··· INPUT MATERIAL

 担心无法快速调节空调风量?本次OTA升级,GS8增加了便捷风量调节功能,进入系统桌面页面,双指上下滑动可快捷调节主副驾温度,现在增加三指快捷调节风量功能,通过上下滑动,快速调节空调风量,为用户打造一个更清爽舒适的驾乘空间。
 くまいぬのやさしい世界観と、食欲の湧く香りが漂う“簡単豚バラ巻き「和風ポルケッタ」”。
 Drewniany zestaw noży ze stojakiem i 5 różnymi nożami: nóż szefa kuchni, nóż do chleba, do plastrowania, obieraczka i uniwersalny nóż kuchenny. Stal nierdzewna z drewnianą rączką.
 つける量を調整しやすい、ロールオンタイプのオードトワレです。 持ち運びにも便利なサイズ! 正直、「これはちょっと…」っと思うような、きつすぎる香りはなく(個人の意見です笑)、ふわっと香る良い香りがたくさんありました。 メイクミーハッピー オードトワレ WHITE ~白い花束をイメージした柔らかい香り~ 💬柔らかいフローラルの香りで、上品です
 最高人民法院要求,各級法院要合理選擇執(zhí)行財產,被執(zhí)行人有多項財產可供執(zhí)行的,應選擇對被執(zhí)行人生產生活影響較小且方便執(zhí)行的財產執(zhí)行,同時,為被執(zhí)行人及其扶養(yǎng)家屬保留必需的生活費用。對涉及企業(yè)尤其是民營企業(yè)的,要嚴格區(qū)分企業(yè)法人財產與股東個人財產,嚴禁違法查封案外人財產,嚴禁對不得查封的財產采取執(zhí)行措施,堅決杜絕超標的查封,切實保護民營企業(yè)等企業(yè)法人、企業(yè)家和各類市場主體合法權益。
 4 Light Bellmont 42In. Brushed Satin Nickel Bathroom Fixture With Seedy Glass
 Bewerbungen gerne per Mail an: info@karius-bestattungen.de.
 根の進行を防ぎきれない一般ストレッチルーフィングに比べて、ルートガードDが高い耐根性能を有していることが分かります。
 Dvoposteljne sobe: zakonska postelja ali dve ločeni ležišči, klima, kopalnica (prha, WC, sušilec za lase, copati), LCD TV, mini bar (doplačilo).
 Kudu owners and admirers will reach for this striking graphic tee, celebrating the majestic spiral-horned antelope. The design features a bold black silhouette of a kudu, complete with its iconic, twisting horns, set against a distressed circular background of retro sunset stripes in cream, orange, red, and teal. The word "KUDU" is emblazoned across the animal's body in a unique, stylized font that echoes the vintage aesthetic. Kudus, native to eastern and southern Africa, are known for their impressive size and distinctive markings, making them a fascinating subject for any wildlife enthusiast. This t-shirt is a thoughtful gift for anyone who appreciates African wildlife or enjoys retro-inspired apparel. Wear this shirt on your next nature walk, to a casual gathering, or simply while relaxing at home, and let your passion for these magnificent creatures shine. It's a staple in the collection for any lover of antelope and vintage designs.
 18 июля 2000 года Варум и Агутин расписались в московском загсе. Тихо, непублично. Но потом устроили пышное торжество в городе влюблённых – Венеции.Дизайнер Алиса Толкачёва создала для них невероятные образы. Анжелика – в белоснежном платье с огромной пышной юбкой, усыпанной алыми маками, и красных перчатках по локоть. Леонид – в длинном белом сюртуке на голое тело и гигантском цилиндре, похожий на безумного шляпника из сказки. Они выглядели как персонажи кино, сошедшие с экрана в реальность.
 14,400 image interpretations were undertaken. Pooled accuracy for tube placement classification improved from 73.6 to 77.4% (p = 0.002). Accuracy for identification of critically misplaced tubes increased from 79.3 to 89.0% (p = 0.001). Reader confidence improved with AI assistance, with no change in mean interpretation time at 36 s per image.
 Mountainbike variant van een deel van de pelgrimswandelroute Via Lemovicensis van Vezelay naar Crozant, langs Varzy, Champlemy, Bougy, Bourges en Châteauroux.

······

→ **TASK ITEM**
Reproduce only the lines above spanning from the line containing "くまいぬのやさしい世界観と、" through the line containing "4 Light Bellmont", word for word.

→ **SOLUTION FOR THIS TASK**
 くまいぬのやさしい世界観と、食欲の湧く香りが漂う“簡単豚バラ巻き「和風ポルケッタ」”。
 Drewniany zestaw noży ze stojakiem i 5 różnymi nożami: nóż szefa kuchni, nóż do chleba, do plastrowania, obieraczka i uniwersalny nóż kuchenny. Stal nierdzewna z drewnianą rączką.
 つける量を調整しやすい、ロールオンタイプのオードトワレです。 持ち運びにも便利なサイズ! 正直、「これはちょっと…」っと思うような、きつすぎる香りはなく(個人の意見です笑)、ふわっと香る良い香りがたくさんありました。 メイクミーハッピー オードトワレ WHITE ~白い花束をイメージした柔らかい香り~ 💬柔らかいフローラルの香りで、上品です
 最高人民法院要求,各級法院要合理選擇執(zhí)行財產,被執(zhí)行人有多項財產可供執(zhí)行的,應選擇對被執(zhí)行人生產生活影響較小且方便執(zhí)行的財產執(zhí)行,同時,為被執(zhí)行人及其扶養(yǎng)家屬保留必需的生活費用。對涉及企業(yè)尤其是民營企業(yè)的,要嚴格區(qū)分企業(yè)法人財產與股東個人財產,嚴禁違法查封案外人財產,嚴禁對不得查封的財產采取執(zhí)行措施,堅決杜絕超標的查封,切實保護民營企業(yè)等企業(yè)法人、企業(yè)家和各類市場主體合法權益。
 4 Light Bellmont 42In. Brushed Satin Nickel Bathroom Fixture With Seedy Glass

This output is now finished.